EXERCISE PROMPT: Could you return the data that follows exactly, minus the images?
------ INFORMATION PROVIDED ------
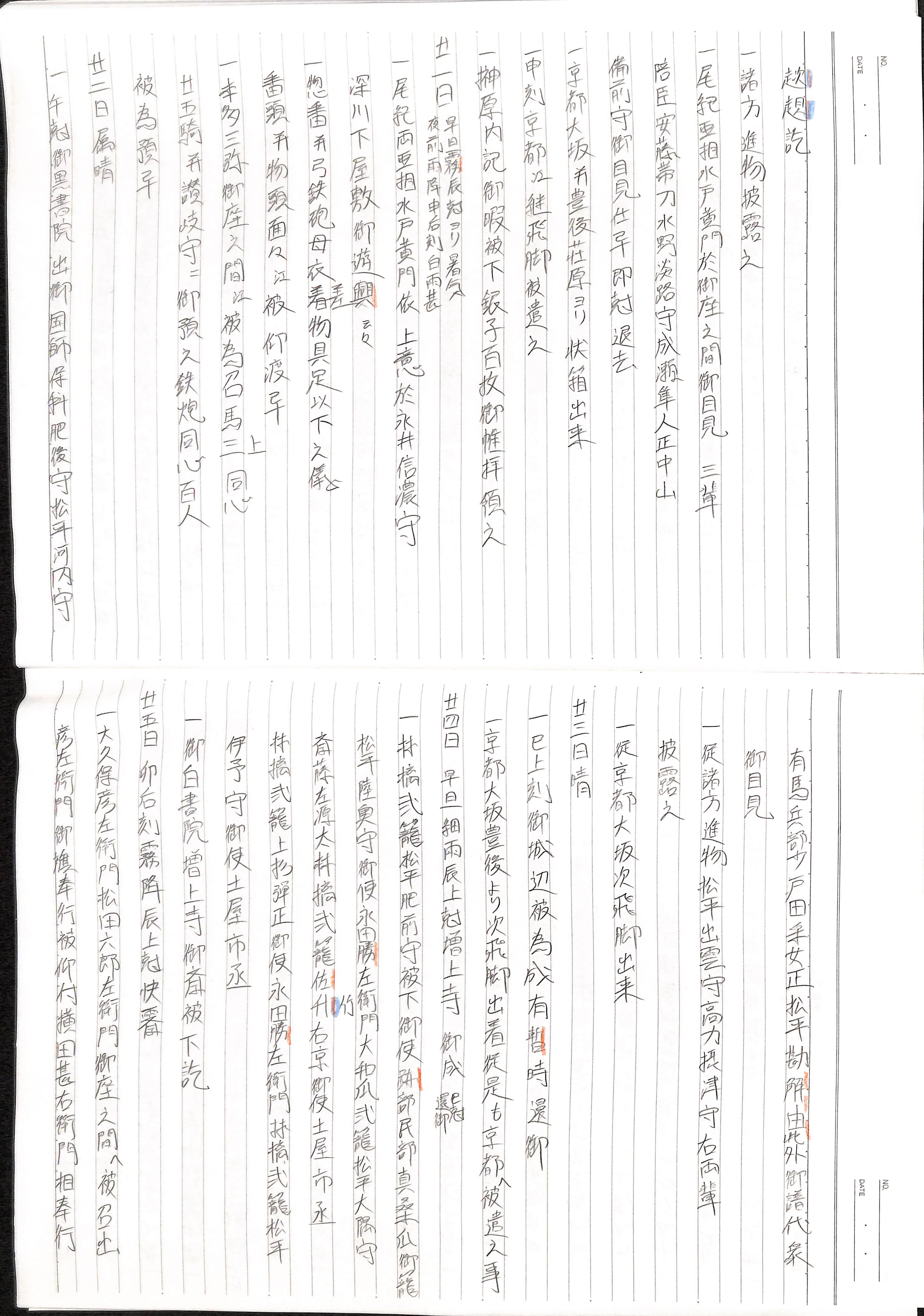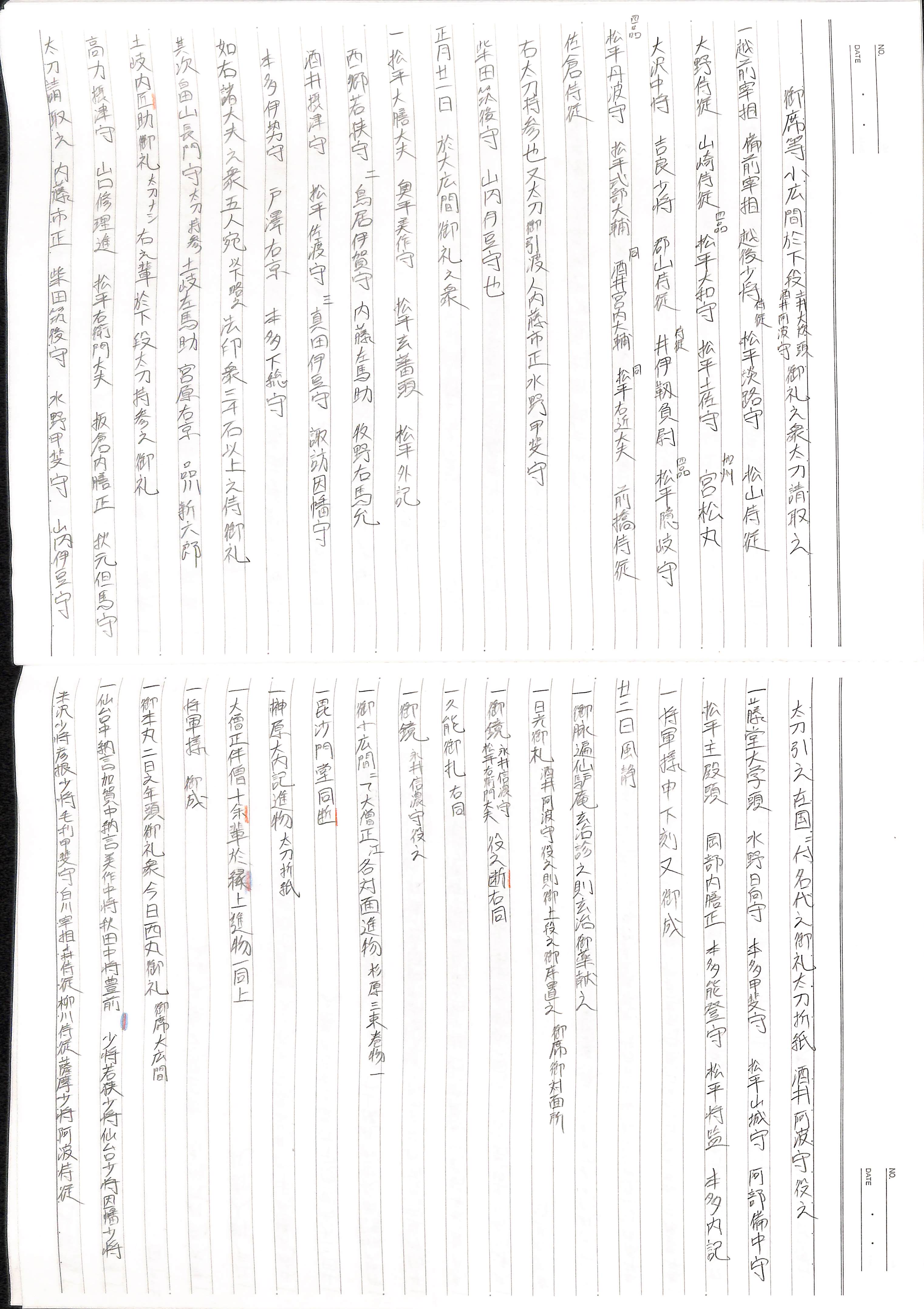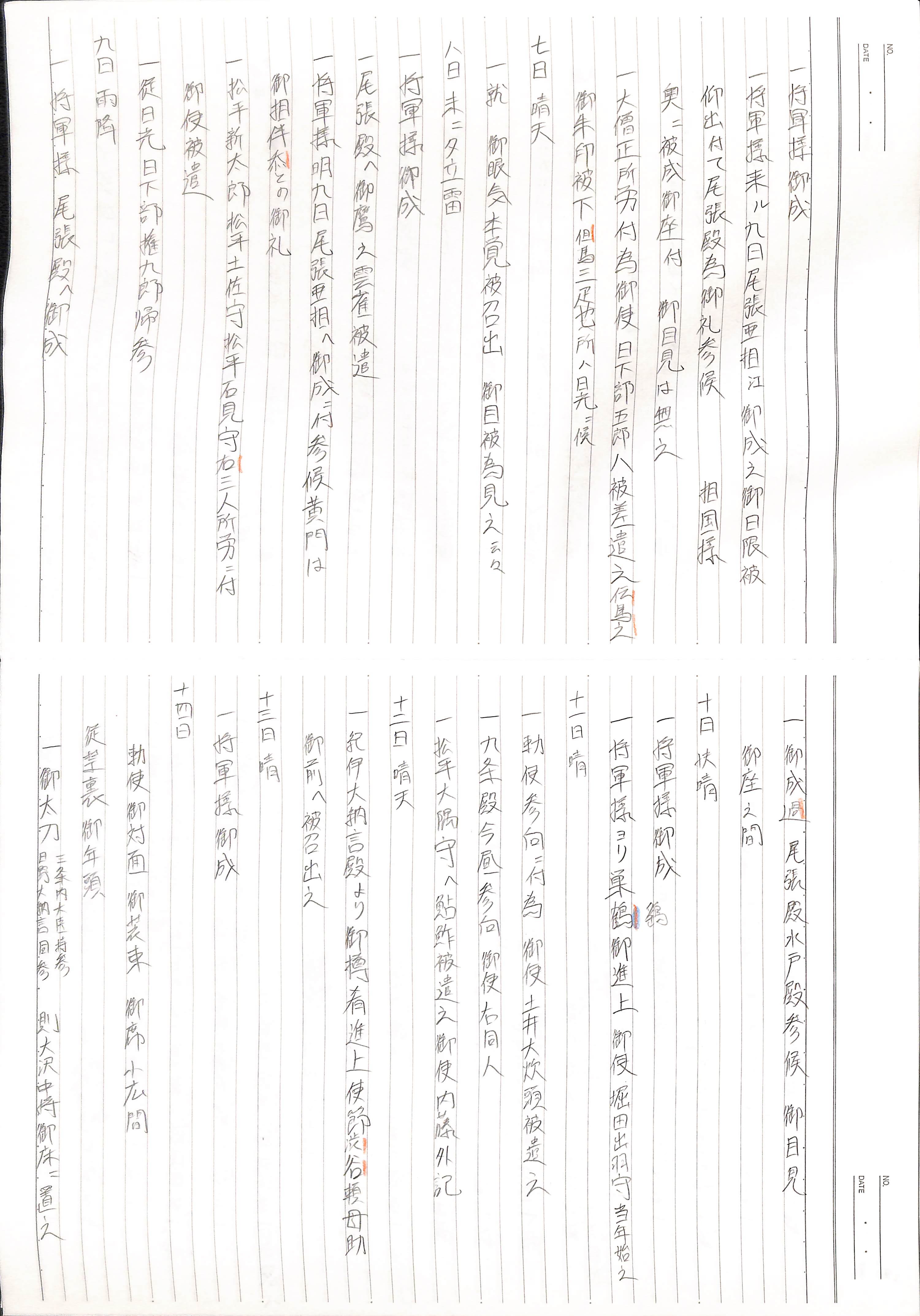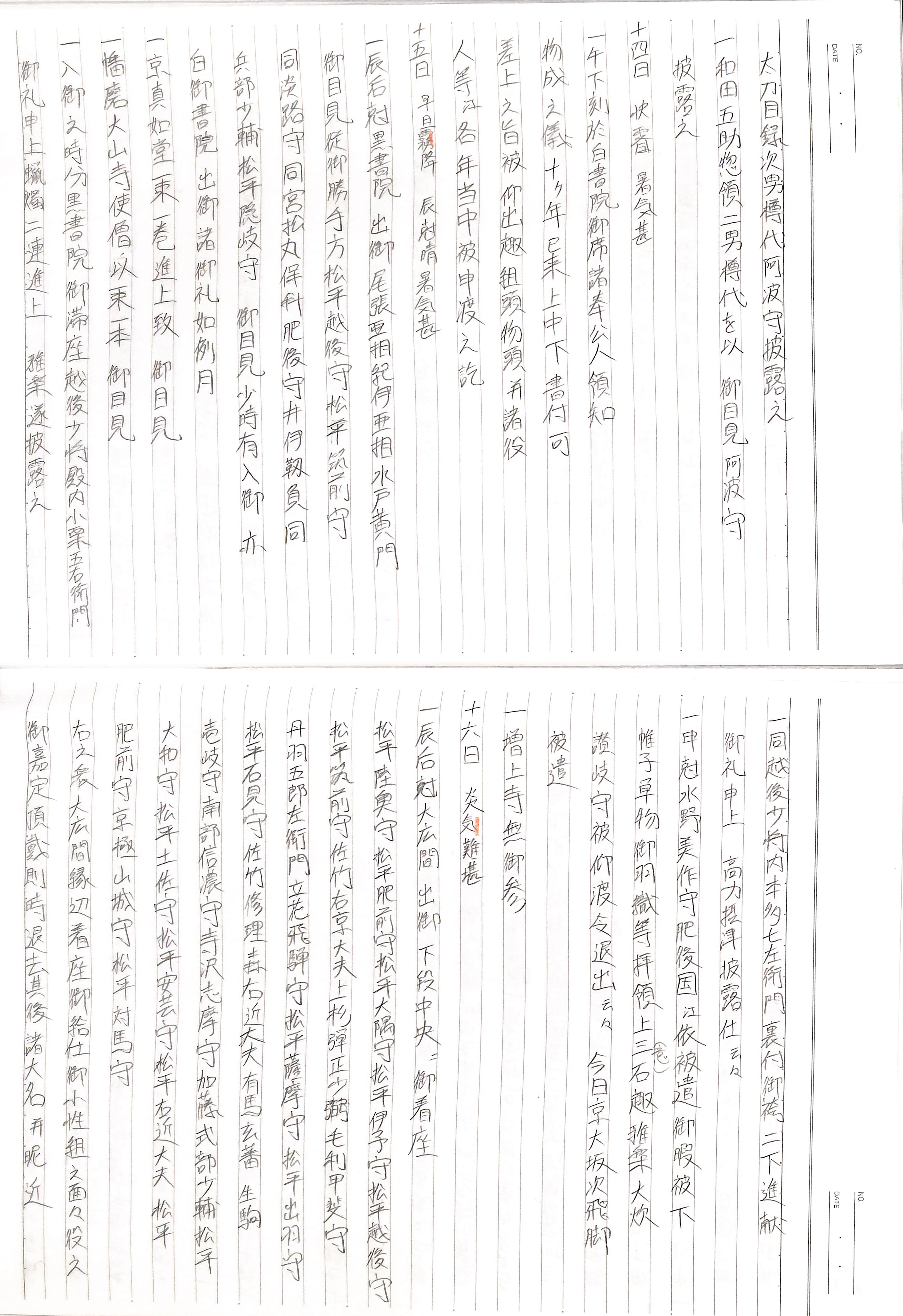 2 藤井讓治監修『江戸幕府日記姫路酒井家本』第1巻(ゆまに書房、2003年)より作成。原史料は姫路市立城郭研究室所蔵。 1へ 寛永8年5月5日~7月6日 寛永9年1月1日~1月25日 寛永9年6月1日~7月7日 3へ
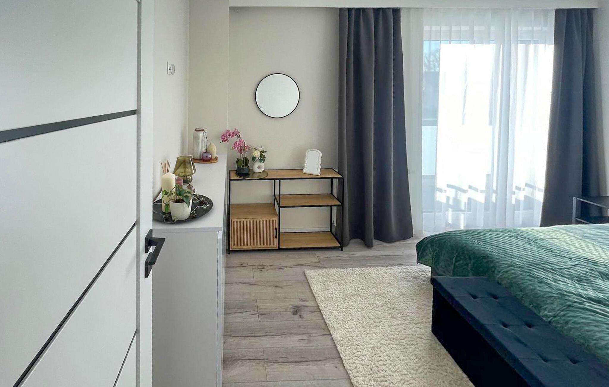 Dieses elegante Ferienhaus nahe der Bucht Zatoka Cicha verbindet modernes Design mit Komfort und schafft eine Wohlfühloase für Ihren Urlaub. Die lichtdurchfluteten Räume bieten Ihnen viel Platz, um zur Ruhe zu kommen. Die offene Gestaltung und stilvolle Einrichtung verleihen dem Haus ein luxuriöses Ambiente, während die Sonnenterrasse und der gepflegte Garten Sie einladen, die Natur direkt vor der Tür zu genießen und die Tage entspannt ausklingen zu lassen.
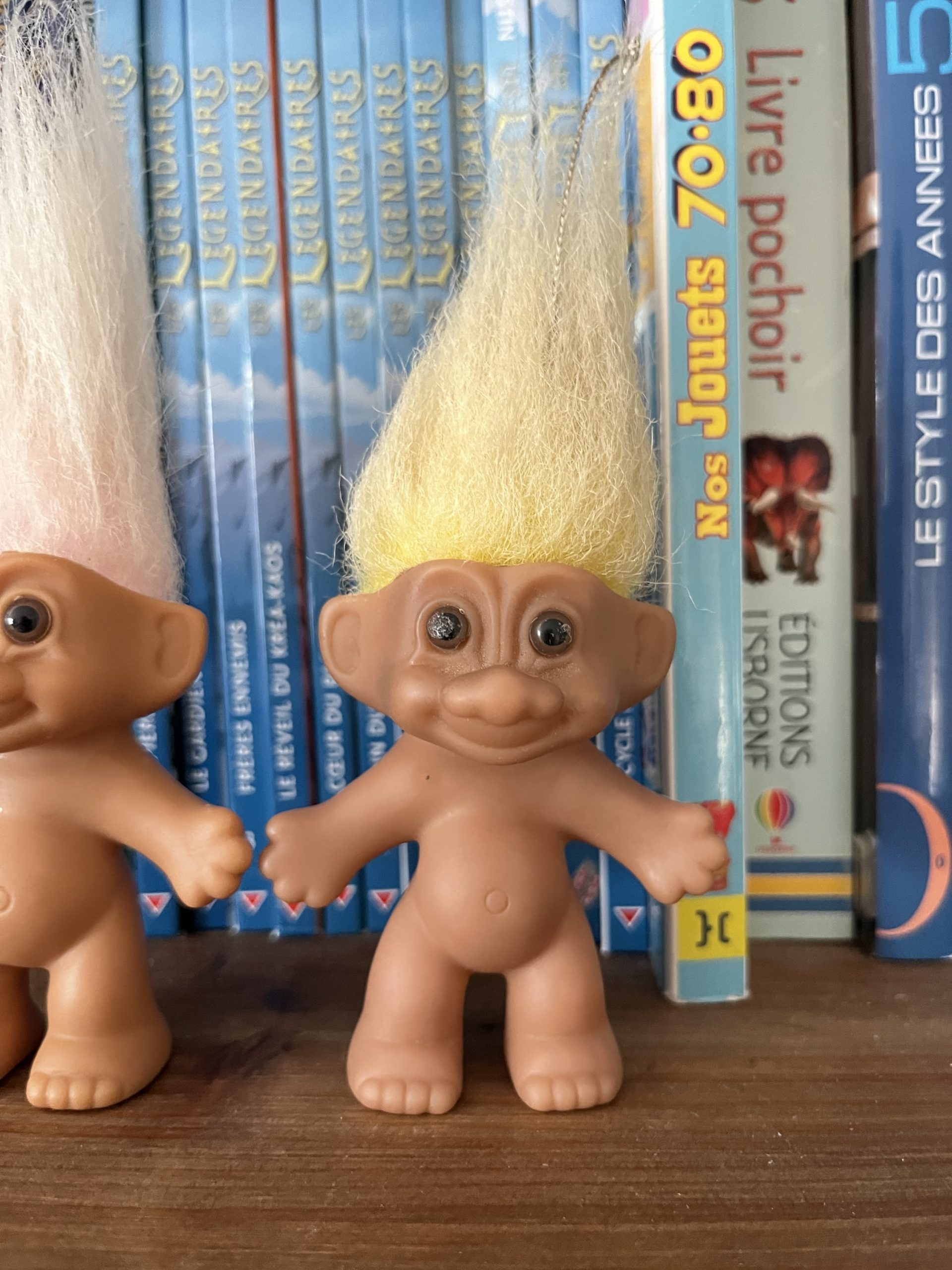 Marque “RUSS”, sous le pied, Troll de collection en bon état, les cheveux son décolorés, une attache pour chacun pour le suspendre.
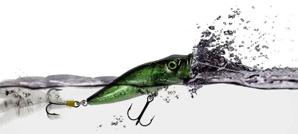 - После того, как воблер стал неподвижен, начинают подмотку шнура катушкой, при этом выполняя короткие и резкие его рывки кончиком удилища. Свидетельством хорошей проводки является характерный булькающий звук и дорожка из пузырей, оставляемая за рыбкой.
------
ANSWER FOR THIS EXERCISE:
 2 藤井讓治監修『江戸幕府日記姫路酒井家本』第1巻(ゆまに書房、2003年)より作成。原史料は姫路市立城郭研究室所蔵。 1へ 寛永8年5月5日~7月6日 寛永9年1月1日~1月25日 寛永9年6月1日~7月7日 3へ
 Dieses elegante Ferienhaus nahe der Bucht Zatoka Cicha verbindet modernes Design mit Komfort und schafft eine Wohlfühloase für Ihren Urlaub. Die lichtdurchfluteten Räume bieten Ihnen viel Platz, um zur Ruhe zu kommen. Die offene Gestaltung und stilvolle Einrichtung verleihen dem Haus ein luxuriöses Ambiente, während die Sonnenterrasse und der gepflegte Garten Sie einladen, die Natur direkt vor der Tür zu genießen und die Tage entspannt ausklingen zu lassen.
 Marque “RUSS”, sous le pied, Troll de collection en bon état, les cheveux son décolorés, une attache pour chacun pour le suspendre.
 - После того, как воблер стал неподвижен, начинают подмотку шнура катушкой, при этом выполняя короткие и резкие его рывки кончиком удилища. Свидетельством хорошей проводки является характерный булькающий звук и дорожка из пузырей, оставляемая за рыбкой.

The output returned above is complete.